Sur le chemin du retour, Pierre de Siorac rejoint le roi supervisant avec son armée le siège de la ville fortifiée de Laon qui constitue un verrou donnant accès à la région de Champagne. Si la ville est prise, les pourparlers avec Reims et les autres cités autour seront plus aisés. C’est également une place stratégique pour couper la retraite des armées espagnoles qui occupent la Picardie et qui se ravitaillent depuis leurs terres des Flandres.

Les troupes espagnoles tentent d’attaquer l’armée royale pour briser le siège mais elles échouent avec de lourdes pertes et se retirent, Laon se rendra donc à Henri IV et bientôt la Champagne se ralliera à lui moyennant pécunes et promotions. On est bien loin des considérations religieuses ou politiques de la part des principaux responsables, l’argent et le pouvoir sont souvent les objectifs premiers. Désormais, il reste à Henri IV de libérer les régions picarde et bretonne qui demeurent aux mains des ligueux et des espagnols afin de réunir entièrement le royaume de France.

L’influence des religieux en France

De retour à Paris, se tient le procès de l’ordre des jésuites qui est accusé par les universitaires et les curés de Paris de leur faire une concurrence déloyale en proposant un enseignement gratuit avec des méthodes réputées moins coercitives et en captant les confessions lucratives des nobles en raison de leur indulgence et de leur compréhension.

L’ordre des jésuites est tout récent, il a été fondé au milieu de ce siècle alors que l’Eglise catholique cherche à contrer l’expansion de la Réforme protestante. C’est une congrégation d’origine espagnole donc elle suscite la méfiance en France qui est son grand rival. Ses membres sont très disciplinés et très instruits, ils sont autonomes vis à vis des évêques locaux et ils gagnent en influence dans la population au travers des enseignements qu’ils proposent.

Certains les accusent d’inciter ou voir même de participer à des tentatives d’assassinats contre des chefs protestants ou catholiques modérés comme par exemples le chef de la révolte protestante aux Pays-Bas, le Prince Guillaume d’Orange, qui fut assassiné en 1584 par un catholique, plusieurs tentatives déjouées contre la reine anglaise Élisabeth ou bien Henri III qui mourra sous les coups d’un moine capucin en 1589.

Alors que le procès des jésuites était sur le point d’être ajourné, une tentative d’assassinat contre le roi Henri IV échoue le 27 décembre 1594. Le monarque n’est que légèrement blessé par un jeune homme dont on découvre, après enquête, qu’il a été instruit au collège jésuite de Clermont à Paris (actuel lycée Louis le Grand), on soupçonne donc l’assaillant d’avoir été influencé par les jésuites pour commettre cet acte.

Ainsi, le collège des jésuites est perquisitionné et on y trouve des documents avec des propos compromettants vouant aux enfers l’ancien roi Henri III ainsi que l’actuel roi Henri IV, ce qui est un crime de lèse-majesté.

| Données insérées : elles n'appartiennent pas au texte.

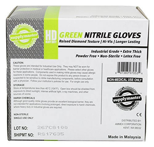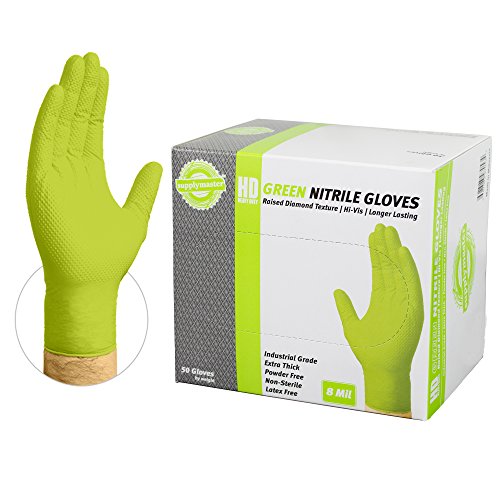 SupplyMaster - SMDTGN8M - Diamond Texture Nitrile Gloves - Disposable, Powder Free, Industrial, 8 mil, Medium, Green (Case of 200)

Par conséquent, le jésuite à qui appartenait ces documents est pendu et l’ordre des jésuites est expulsé de France.

Ce conflit ouvert entre un puissant ordre religieux et le roi de France lorsque l’influence du spirituel menace le pouvoir royal n’est pas le premier. En effet, comme raconté dans la saga des Rois Maudits, Philippe le Bel interdit l’ordre des Templiers en France qui a accumulé une grande richesse et une influence considérable avec les croisades, son chef est exécuté et les trésors sont confisqués, c’est aussi un moyen pour le monarque français de renflouer ses caisses.

Mission à Rome

Ensuite, Pierre de Siorac est envoyé en mission à Rome pour aider à convaincre le pape de lever l’excommunication du roi Henri IV qui est pour le moment maintenue bien que le monarque se soit convertit au catholicisme et que la majorité du clergé français se soit rallié à lui.

Cependant, le pape est contraint par la puissance du roi d’Espagne Philippe II qui est en conflit ouvert avec Henri IV et refuse catégoriquement son absolution en faisant pression sur le Vatican.

L’Italie n’existe pas à cette époque, elle est divisée en multiples duchés et royaumes et Rome est le théâtre d’une lutte d’influence entre les puissances étrangères catholiques telles la France et l’Espagne ainsi que le Vatican, Florence et Venice. Ces deux dernières vont aider la délégation française dans sa démarche afin de contrer la domination espagnole et, finalement, le Vatican accordera l’absolution du roi Henri IV le 17 septembre 1595 après de multiples tractations car il y a un risque de schisme de l’église gallicane française comme cela a été le cas dans le passé avec l’église anglicane d’Angleterre.

A noter qu’il y a des passages un peu longs dans ce récit à Rome avec moins de péripéties et d’évènements intéressants par rapport aux deux tomes précédents, le rythme est plus lent, c’est moins palpitant.

Henri IV promulgue l’édit de Nantes après avoir réunifié son royaume

De retour en France, Paris est menacée en raison de la prise d’Amiens par les espagnols avec la complicité de certains irréductibles ligueux. Henri IV doit donc lever une nouvelle armée avec toute sa noblesse pour en faire le siège. Cette fois-ci, Mayenne, l’ancien chef militaire de la Ligue, est dans le camp royal après le pardon de son roi qui l’intègre à son commandement militaire en raison de ses grandes qualités de stratège. Ainsi, après s’être livrés des batailles meurtrières avec rage pendant une dizaine d’années les anciens ennemis combattent désormais côte à côte.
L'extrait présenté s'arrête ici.